**Task**
The answer must consist of every line below that contains the word "design".

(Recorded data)

-*-

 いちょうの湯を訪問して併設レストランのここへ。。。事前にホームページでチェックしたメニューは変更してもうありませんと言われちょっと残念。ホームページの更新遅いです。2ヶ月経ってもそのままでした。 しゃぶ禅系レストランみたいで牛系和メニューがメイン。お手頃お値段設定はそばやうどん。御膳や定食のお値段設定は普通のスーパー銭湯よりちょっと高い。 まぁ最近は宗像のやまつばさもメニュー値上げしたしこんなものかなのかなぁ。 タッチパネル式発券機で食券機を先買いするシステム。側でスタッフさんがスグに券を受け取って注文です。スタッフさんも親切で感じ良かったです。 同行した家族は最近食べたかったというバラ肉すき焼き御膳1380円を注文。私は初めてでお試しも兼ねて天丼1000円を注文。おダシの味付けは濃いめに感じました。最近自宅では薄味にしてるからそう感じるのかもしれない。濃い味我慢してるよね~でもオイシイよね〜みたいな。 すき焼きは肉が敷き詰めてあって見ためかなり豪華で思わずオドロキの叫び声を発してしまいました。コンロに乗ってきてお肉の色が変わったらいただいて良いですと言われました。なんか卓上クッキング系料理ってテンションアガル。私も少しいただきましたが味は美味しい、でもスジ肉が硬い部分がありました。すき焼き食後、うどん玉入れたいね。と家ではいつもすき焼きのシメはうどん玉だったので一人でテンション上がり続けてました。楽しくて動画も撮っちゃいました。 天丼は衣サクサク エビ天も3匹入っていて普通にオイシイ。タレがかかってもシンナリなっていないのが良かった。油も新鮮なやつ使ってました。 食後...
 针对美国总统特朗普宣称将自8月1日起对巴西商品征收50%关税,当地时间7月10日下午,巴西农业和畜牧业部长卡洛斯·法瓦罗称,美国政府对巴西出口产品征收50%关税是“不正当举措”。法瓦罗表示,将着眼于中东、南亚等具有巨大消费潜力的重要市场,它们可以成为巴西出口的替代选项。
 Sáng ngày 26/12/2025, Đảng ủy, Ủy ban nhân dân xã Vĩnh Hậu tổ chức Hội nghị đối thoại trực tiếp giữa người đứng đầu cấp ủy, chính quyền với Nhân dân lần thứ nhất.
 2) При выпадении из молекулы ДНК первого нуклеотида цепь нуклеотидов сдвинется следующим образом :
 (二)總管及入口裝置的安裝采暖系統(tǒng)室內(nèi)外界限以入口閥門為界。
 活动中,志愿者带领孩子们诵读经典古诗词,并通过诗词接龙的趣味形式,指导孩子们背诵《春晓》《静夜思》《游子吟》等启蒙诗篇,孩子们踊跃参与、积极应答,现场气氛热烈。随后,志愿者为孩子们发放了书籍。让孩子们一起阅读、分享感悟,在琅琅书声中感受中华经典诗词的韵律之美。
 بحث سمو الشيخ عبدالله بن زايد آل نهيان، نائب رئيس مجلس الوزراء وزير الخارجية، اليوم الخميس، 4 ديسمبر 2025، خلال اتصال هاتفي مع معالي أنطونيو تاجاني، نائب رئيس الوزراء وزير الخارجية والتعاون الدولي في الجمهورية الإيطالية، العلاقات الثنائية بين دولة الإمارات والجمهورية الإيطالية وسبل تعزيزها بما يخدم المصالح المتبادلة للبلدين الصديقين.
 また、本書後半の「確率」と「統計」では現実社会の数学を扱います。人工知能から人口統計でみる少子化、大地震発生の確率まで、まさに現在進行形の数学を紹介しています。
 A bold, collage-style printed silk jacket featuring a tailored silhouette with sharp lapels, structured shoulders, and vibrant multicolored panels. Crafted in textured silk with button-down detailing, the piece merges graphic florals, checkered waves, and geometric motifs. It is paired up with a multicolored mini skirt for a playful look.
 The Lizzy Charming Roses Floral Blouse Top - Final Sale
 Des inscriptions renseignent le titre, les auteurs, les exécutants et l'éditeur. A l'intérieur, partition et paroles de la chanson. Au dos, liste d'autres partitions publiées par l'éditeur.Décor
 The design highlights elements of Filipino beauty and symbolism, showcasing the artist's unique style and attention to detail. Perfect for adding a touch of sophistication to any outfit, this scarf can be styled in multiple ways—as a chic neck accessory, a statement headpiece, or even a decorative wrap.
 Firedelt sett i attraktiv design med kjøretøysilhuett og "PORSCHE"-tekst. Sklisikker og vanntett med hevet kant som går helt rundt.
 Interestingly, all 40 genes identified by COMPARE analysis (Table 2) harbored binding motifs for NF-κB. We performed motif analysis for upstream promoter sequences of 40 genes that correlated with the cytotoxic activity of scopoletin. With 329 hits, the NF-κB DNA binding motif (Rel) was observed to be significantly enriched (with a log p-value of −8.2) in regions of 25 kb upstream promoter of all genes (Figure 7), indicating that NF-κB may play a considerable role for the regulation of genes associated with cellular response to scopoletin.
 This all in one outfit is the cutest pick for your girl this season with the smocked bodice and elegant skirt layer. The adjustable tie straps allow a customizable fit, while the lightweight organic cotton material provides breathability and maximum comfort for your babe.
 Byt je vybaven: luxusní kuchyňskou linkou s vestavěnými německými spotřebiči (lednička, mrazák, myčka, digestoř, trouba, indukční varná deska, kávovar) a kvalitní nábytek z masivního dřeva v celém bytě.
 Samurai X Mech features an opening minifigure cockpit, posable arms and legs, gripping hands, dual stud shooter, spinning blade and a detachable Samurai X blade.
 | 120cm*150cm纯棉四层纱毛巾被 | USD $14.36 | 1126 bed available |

-*-

**Response**
 The design highlights elements of Filipino beauty and symbolism, showcasing the artist's unique style and attention to detail. Perfect for adding a touch of sophistication to any outfit, this scarf can be styled in multiple ways—as a chic neck accessory, a statement headpiece, or even a decorative wrap.
 Firedelt sett i attraktiv design med kjøretøysilhuett og "PORSCHE"-tekst. Sklisikker og vanntett med hevet kant som går helt rundt.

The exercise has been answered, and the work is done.